Modeling Extreme Melt Events on the Greenland ice sheet (MEMOG) was originally a feasibility study supported through the EPSRC funded SECURE network. The aim of the project was to assess the potential for integrating process and stochastic models to improve forecasts of future Greenland ice sheet melting, working at the boundary between data science and environmental science. We found that process-based models that are currently used to simulate future Greenland ice sheet melting (Regional Climate Models—RCMs), and the associated contribution to global sea level rise, underestimate present-day melting because they do not capture extremely high temperatures (Figure 4). Preliminary investigations (unpublished) also suggested that statistical models associated with Extreme Value Analysis can potentially be used to downscale RCM predictions of temperature to give better agreement with observed behavior. This has led to two main research priorities: (1) improving the representation of processes in RCMs such that they simulate extreme temperatures with greater fidelity and (2) developing data-driven models of extreme melting on Greenland to support work conducted with the process-based RCM. The latter is a key focus of current research in the EPSRC funded Data Science for the Natural Environment (DSNE) project in which we aim to use such models to (a) quantify the spatial/temporal structure of extreme melt events (b) make predictions on the risk of future extremes and (c) downscale RCM predictions to improve their fidelity with respect to observed behavior.

FIGURE 4

Figure 4. Median frequency, duration, and magnitude of extreme temperature events simulated by four model variants at 13 locations. Frequency is denoted by the height of each box, duration is indicated by the width of each box, and observed values are given by the dashed black boxes. Box colors indicate the departure of the modeled magnitude from the observed value, blue colors indicate an underestimate, and red colors indicate an over estimate (Leeson et al., 2017).

Data Science Perspective

Extreme value analysis (EVA) provides a tool-kit of asymptotically motivated statistical methods that can be used to statistically model the extreme values of a data set and predict the size and frequency of unusually large (or small) events in the future. In an environmental context this could include modeling extreme wind speeds, temperatures, droughts, precipitation, wave heights etc. It has previously been used with great success in many environmental applications, e.g., flood forecasting, however it has never been considered in estimates of cryospheric change. Historically, EVA models made the assumption of independent extreme events and had limited capacity to account for temporal and spatial trends.
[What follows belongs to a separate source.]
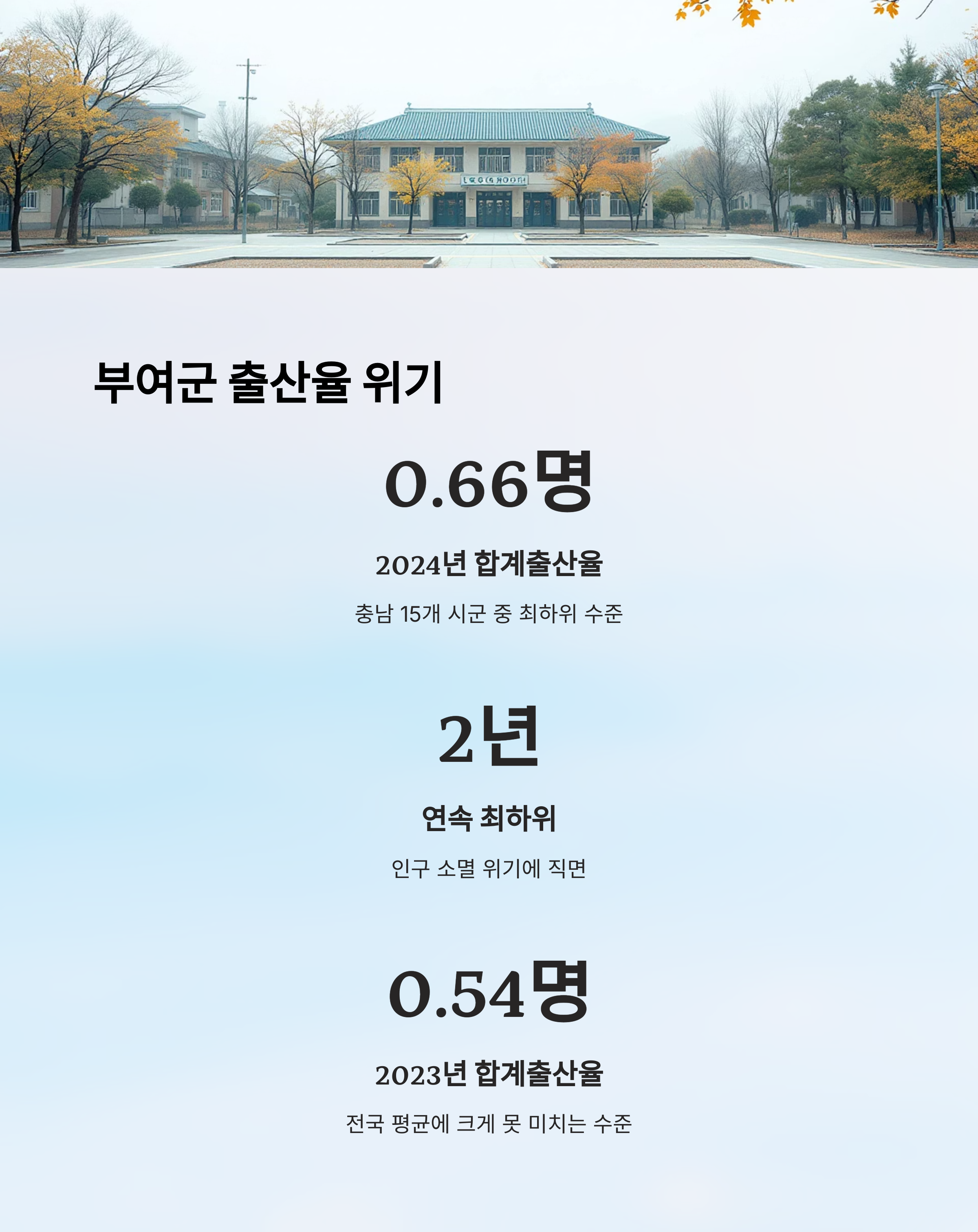부여군은 최근 2년 연속 충남 15개 시군 중 출산율 최하위를 기록하면서, 인구 소멸 위기라는 심각한 문제에 직면했어요. 2023년 합계출산율은 0.54명, 2024년에는 소폭 상승해 0.66명이지만 여전히 전국 평균에도 못 미치는 수준이에요.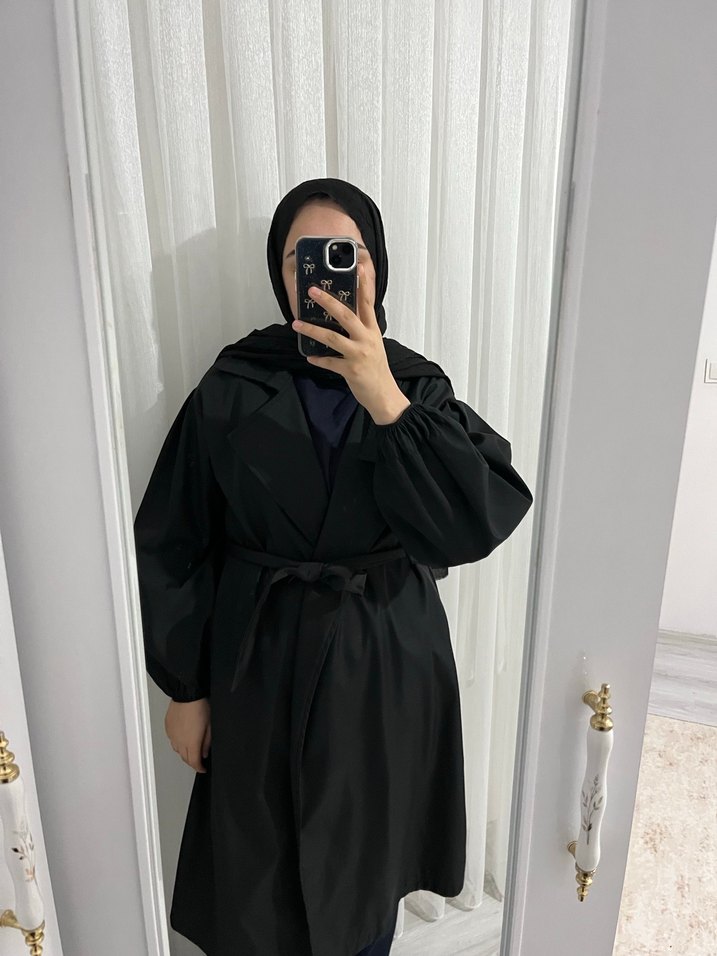 Yüksek yakalı, drapeli uzun siyah kadın trençkot, ipeksi kumaştan, bol kesim ve uzun kollu. Minimalist, sade tarz için uygun.

For many climate-driven processes, such limitations are a major weakness as they limit the ability to account for climate change, which has a strong signal in Greenland (Hanna et al., 2012). In recent and ongoing research, several methods have been developed to deal with these issues by the use of covariates, random effects (also known as latent processes) or multivariate methods (Eastoe and Tawn, 2009, 2012). Using a subset of these state-of-the-art techniques, in the MEMOG project we modeled the frequency, distribution and magnitude of statistically extreme temperature events in in-situ observations and contemporaneous RCM predictions at 13 sites. We then used these data to (1) develop a climatology of extreme temperature events in the observational record, (2) analyse the performance of the RCM in terms of reproducing these extremes, and (3) make preliminary (unpublished) investigations into developing a method by which EVA can be used to downscale RCM output to reproduces extreme events with greater fidelity.

Analysis

This work is proving to be an excellent platform to explore the potential for an integrated modeling approach to ice melt prediction. We have achieved success with our marginal (site-wise) approach and the next step is to incorporate spatial elements. In order to do this however, there are a number of issues that our current efforts aim to overcome. These include:

1. Sparsity of in-situ observations. In order to independently model extreme events, i.e., without using the spurious RCM output, one would ideally want direct observations. The Greenland ice sheet is 1.71 million km² and yet there are only ~20 weather stations on its surface from which it is possible to acquire temperature and melting data. As such, it is not yet possible to model the spatial dependence of extreme melt events using these data.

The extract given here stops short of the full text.